--- Data in this exercise Enclosed Below ---
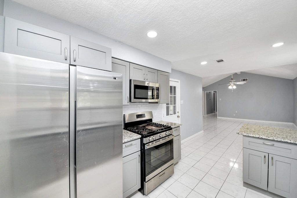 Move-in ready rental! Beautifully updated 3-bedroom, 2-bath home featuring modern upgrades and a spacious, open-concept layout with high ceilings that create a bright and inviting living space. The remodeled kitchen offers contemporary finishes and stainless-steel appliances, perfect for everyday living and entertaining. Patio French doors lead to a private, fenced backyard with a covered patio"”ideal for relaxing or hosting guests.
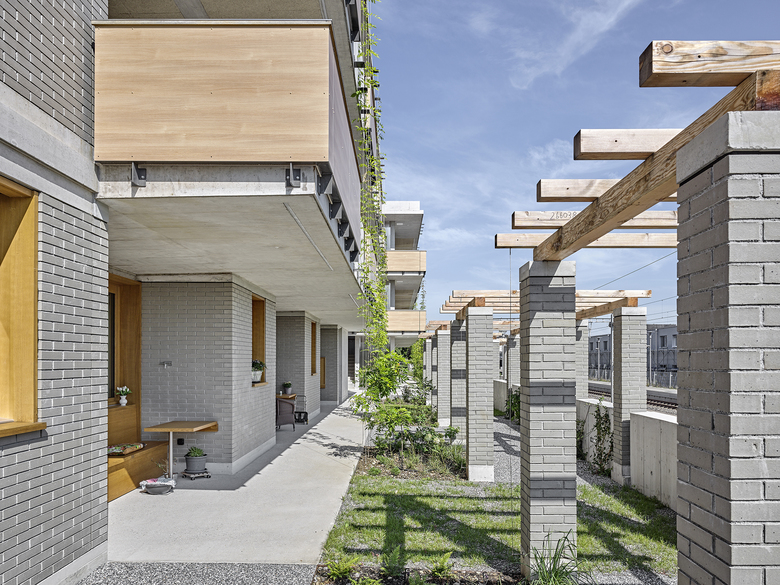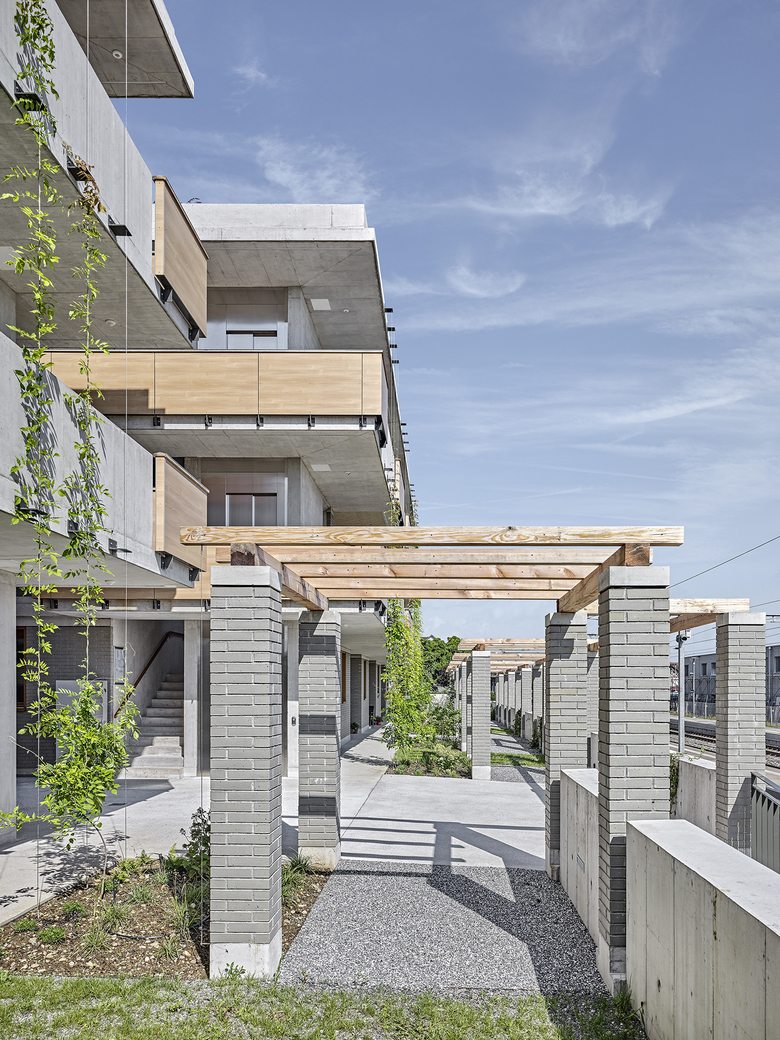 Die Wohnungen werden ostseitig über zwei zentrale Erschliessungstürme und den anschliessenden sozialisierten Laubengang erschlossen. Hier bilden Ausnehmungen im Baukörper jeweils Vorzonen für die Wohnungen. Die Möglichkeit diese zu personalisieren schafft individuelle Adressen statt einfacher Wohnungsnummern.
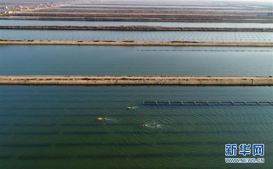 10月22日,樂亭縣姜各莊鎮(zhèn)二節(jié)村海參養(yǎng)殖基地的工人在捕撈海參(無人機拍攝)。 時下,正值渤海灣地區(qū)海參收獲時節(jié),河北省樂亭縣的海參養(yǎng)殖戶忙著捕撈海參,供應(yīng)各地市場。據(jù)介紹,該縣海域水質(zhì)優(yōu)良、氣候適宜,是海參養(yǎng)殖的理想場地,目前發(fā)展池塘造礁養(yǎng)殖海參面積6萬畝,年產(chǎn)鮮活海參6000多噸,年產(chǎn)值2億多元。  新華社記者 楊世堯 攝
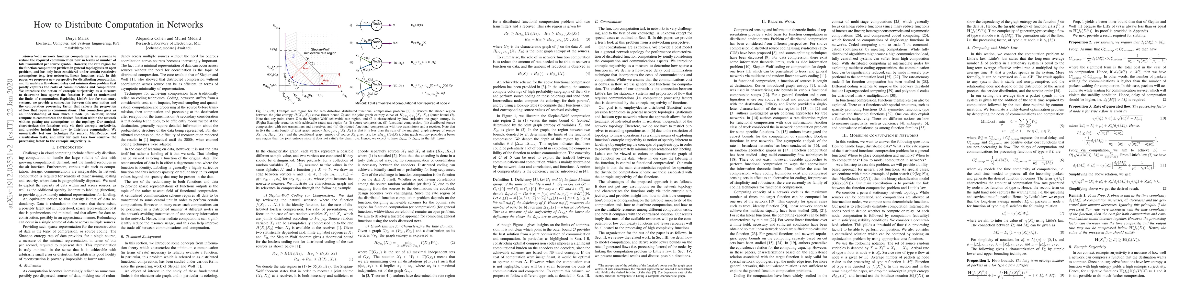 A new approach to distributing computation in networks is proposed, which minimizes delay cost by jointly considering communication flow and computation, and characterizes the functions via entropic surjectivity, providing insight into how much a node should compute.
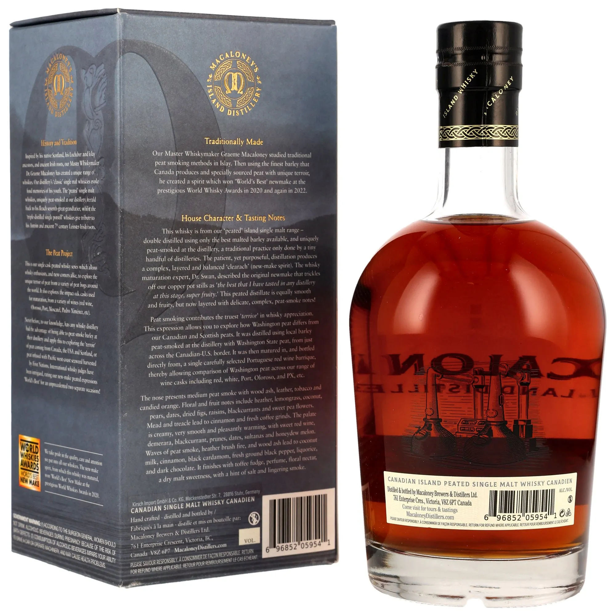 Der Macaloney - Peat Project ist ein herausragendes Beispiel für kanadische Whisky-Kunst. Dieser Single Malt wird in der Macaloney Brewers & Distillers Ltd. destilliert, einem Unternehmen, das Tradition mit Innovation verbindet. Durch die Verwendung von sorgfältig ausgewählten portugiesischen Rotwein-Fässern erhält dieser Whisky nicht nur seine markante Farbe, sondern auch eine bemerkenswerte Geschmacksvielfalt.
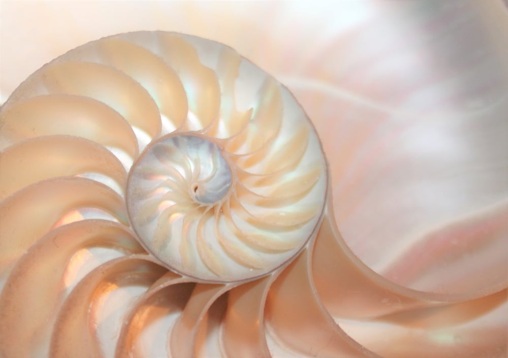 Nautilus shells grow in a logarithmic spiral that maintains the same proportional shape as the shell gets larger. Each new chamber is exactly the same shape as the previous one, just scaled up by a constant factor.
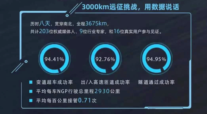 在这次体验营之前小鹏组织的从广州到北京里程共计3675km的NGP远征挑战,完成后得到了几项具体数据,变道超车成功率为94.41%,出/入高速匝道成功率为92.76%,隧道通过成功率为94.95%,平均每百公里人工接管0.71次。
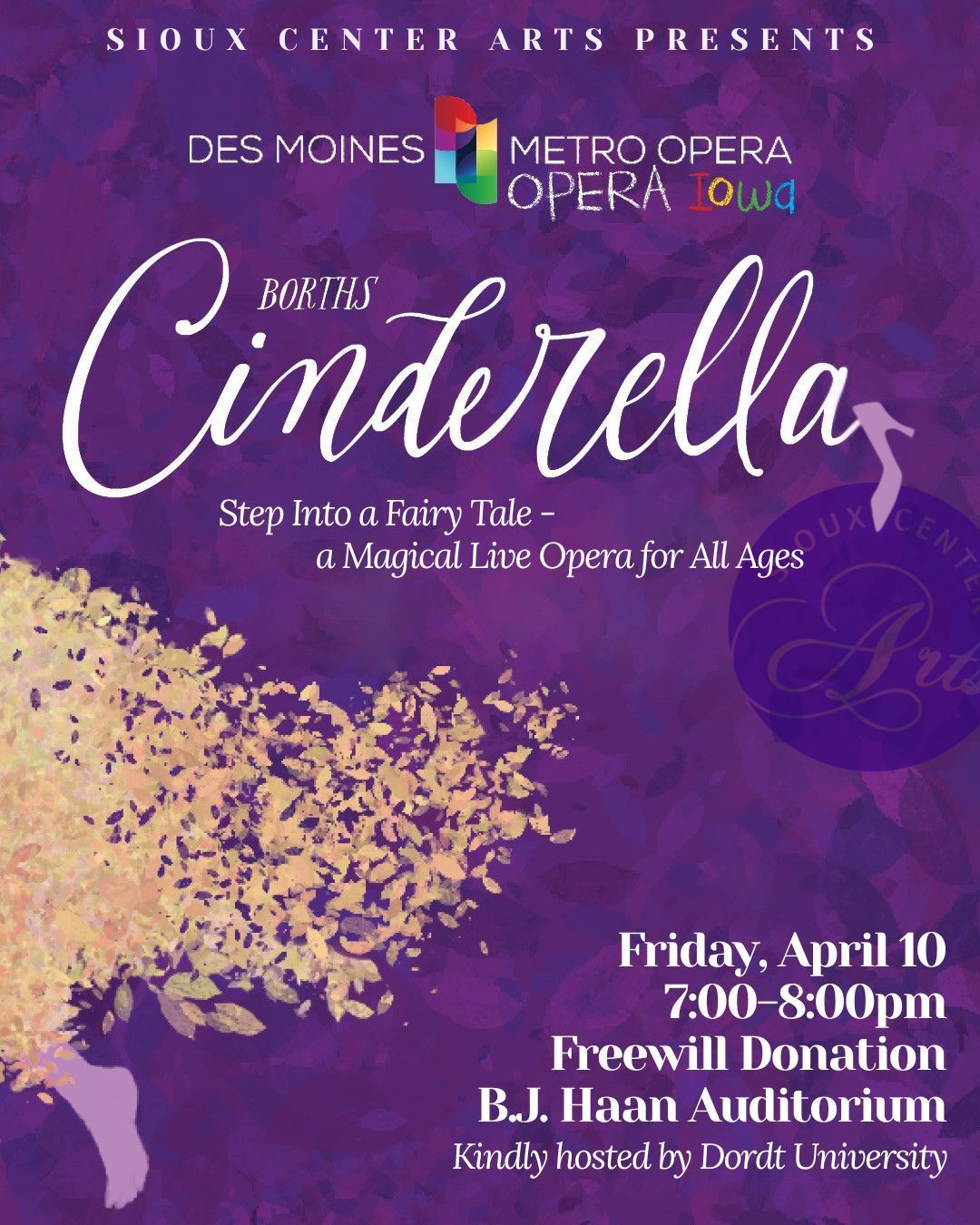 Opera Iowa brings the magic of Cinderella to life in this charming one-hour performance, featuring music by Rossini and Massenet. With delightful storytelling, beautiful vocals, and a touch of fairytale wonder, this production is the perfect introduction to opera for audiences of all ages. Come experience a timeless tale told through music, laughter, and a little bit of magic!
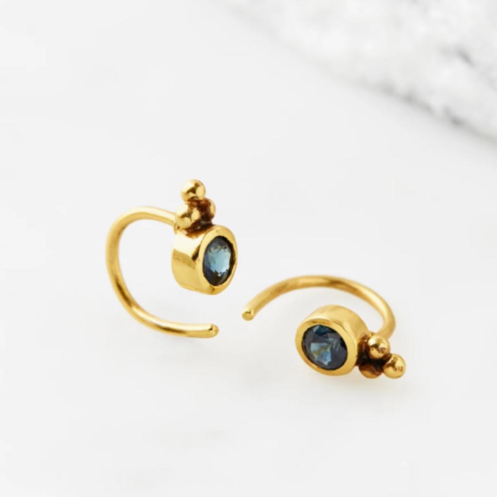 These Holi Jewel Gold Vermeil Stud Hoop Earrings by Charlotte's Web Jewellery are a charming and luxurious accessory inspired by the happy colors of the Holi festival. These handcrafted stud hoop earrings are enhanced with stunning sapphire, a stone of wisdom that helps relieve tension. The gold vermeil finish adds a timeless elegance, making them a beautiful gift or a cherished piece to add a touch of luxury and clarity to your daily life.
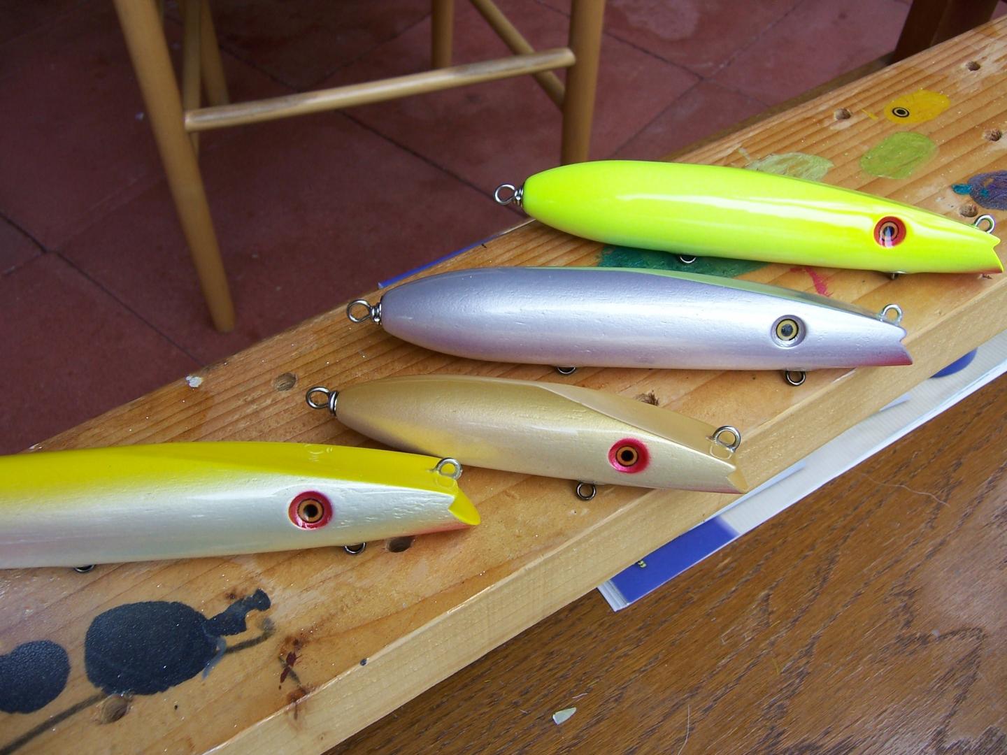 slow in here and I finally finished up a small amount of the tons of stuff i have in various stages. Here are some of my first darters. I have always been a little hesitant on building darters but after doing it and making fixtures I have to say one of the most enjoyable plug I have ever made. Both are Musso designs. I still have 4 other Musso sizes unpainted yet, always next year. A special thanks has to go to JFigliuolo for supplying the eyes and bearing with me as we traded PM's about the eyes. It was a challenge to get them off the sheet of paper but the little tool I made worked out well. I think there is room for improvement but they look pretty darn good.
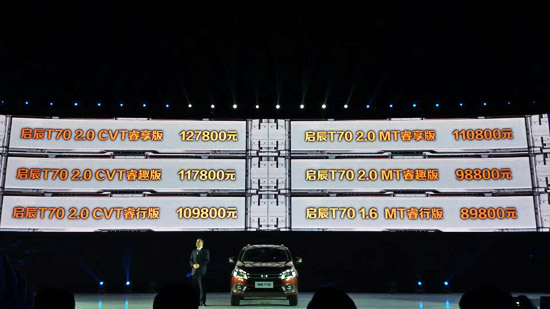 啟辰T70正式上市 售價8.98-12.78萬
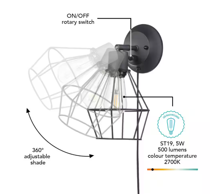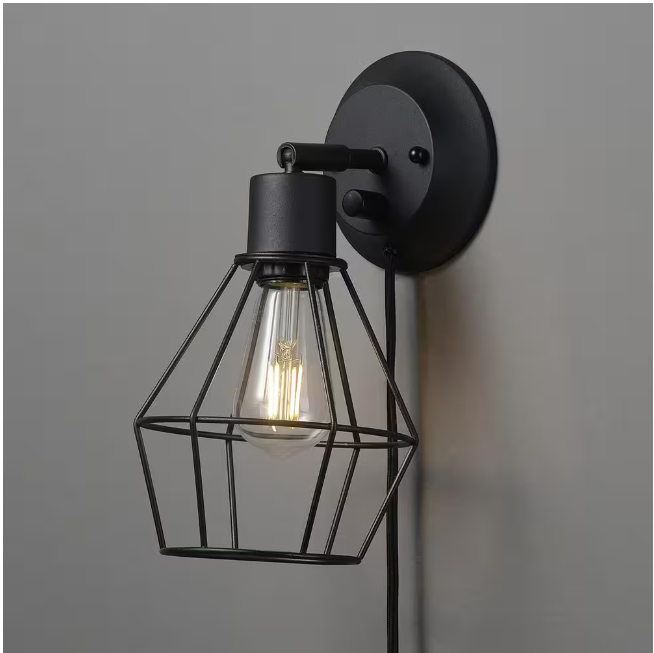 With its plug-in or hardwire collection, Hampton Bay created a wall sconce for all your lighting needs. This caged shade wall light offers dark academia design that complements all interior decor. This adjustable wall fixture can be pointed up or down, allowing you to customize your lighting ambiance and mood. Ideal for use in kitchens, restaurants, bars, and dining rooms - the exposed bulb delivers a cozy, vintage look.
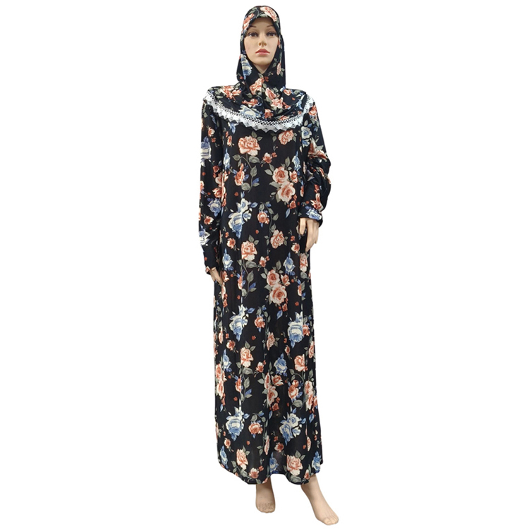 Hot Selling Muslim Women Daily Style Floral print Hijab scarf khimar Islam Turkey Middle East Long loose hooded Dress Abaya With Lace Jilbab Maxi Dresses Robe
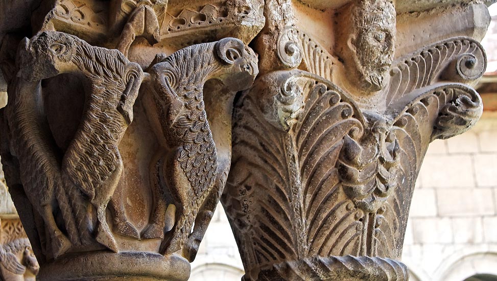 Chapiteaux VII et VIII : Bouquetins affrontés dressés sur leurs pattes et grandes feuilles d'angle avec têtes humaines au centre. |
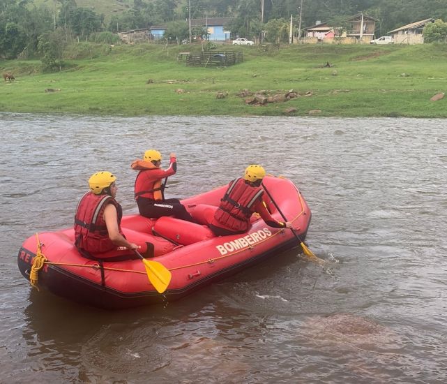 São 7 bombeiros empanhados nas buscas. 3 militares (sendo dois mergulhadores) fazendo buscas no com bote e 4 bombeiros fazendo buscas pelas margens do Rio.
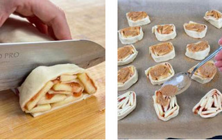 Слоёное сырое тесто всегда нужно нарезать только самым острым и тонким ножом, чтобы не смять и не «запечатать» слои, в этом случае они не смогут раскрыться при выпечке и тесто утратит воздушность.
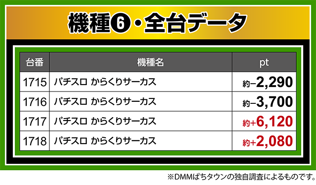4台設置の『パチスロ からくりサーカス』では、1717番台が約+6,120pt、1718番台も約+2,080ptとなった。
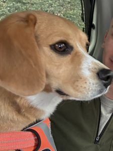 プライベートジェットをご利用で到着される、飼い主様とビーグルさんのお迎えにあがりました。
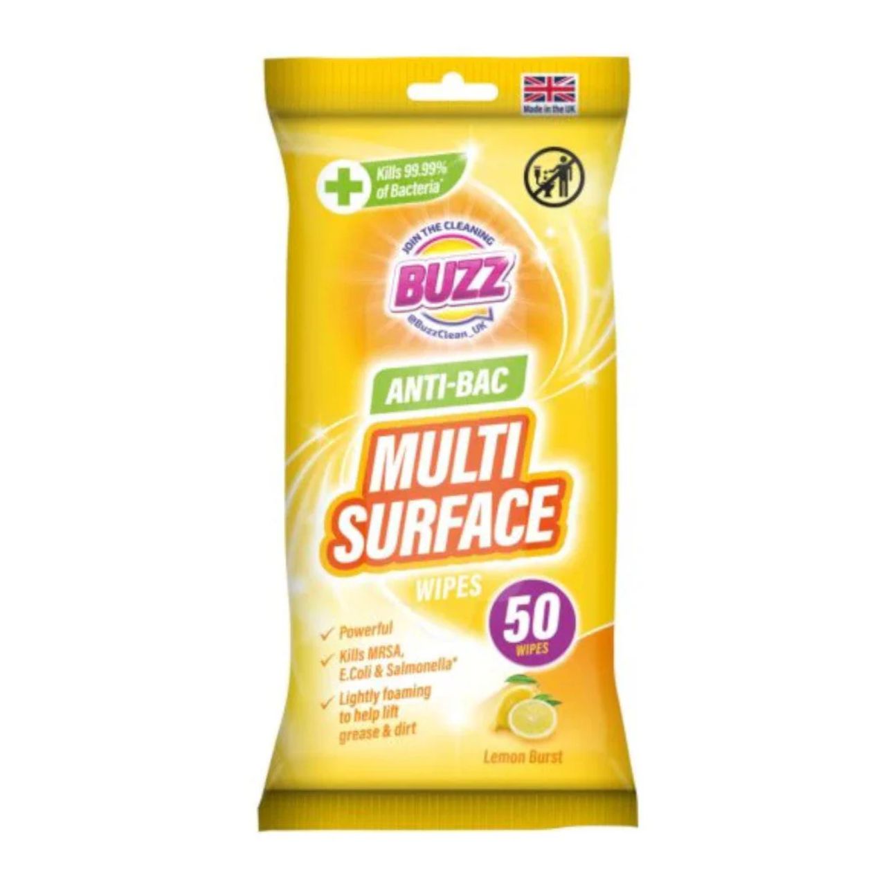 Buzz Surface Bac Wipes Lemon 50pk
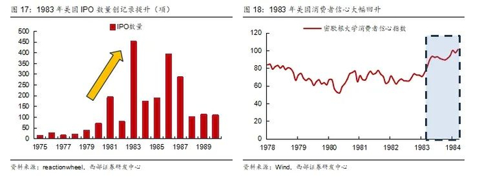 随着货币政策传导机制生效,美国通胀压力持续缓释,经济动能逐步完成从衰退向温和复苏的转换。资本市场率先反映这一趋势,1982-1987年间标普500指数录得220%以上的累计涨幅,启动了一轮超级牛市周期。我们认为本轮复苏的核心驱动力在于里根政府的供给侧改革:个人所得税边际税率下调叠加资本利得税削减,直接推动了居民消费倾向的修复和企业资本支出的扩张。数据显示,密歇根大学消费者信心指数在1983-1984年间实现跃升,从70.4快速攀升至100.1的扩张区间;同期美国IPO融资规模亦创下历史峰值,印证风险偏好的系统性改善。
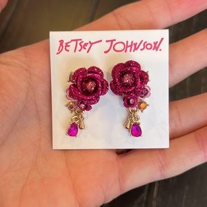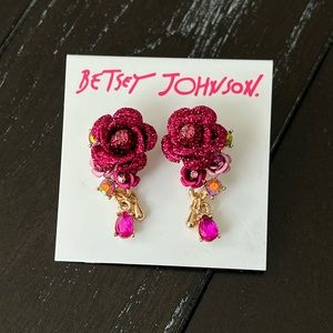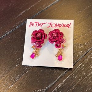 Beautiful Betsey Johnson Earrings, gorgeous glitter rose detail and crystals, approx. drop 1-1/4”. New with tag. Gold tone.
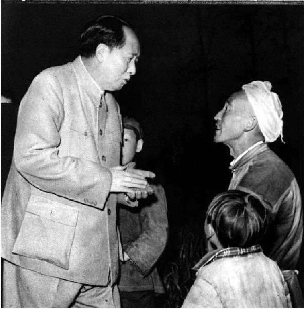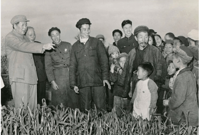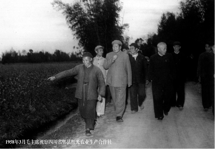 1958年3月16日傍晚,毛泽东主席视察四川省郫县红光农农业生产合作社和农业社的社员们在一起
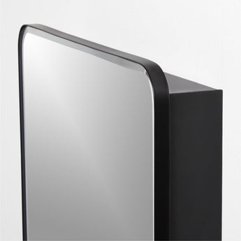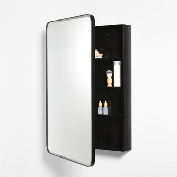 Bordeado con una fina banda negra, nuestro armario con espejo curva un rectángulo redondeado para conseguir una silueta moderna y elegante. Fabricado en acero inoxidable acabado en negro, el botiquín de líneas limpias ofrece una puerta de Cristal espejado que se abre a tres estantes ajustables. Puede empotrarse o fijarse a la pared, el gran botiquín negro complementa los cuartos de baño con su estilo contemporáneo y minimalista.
--- End of Enclosed Data in this exercise ---
* _To do_
Working from the data above, repeat exactly, and only, the lines that begin at the line containing "随着货币政策传导机制生效,美" and stop after the line containing "1958年3月16日傍晚,毛"; pictures are not copied.

* _Response for this exercise_
 随着货币政策传导机制生效,美国通胀压力持续缓释,经济动能逐步完成从衰退向温和复苏的转换。资本市场率先反映这一趋势,1982-1987年间标普500指数录得220%以上的累计涨幅,启动了一轮超级牛市周期。我们认为本轮复苏的核心驱动力在于里根政府的供给侧改革:个人所得税边际税率下调叠加资本利得税削减,直接推动了居民消费倾向的修复和企业资本支出的扩张。数据显示,密歇根大学消费者信心指数在1983-1984年间实现跃升,从70.4快速攀升至100.1的扩张区间;同期美国IPO融资规模亦创下历史峰值,印证风险偏好的系统性改善。
 Beautiful Betsey Johnson Earrings, gorgeous glitter rose detail and crystals, approx. drop 1-1/4”. New with tag. Gold tone.
 1958年3月16日傍晚,毛泽东主席视察四川省郫县红光农农业生产合作社和农业社的社员们在一起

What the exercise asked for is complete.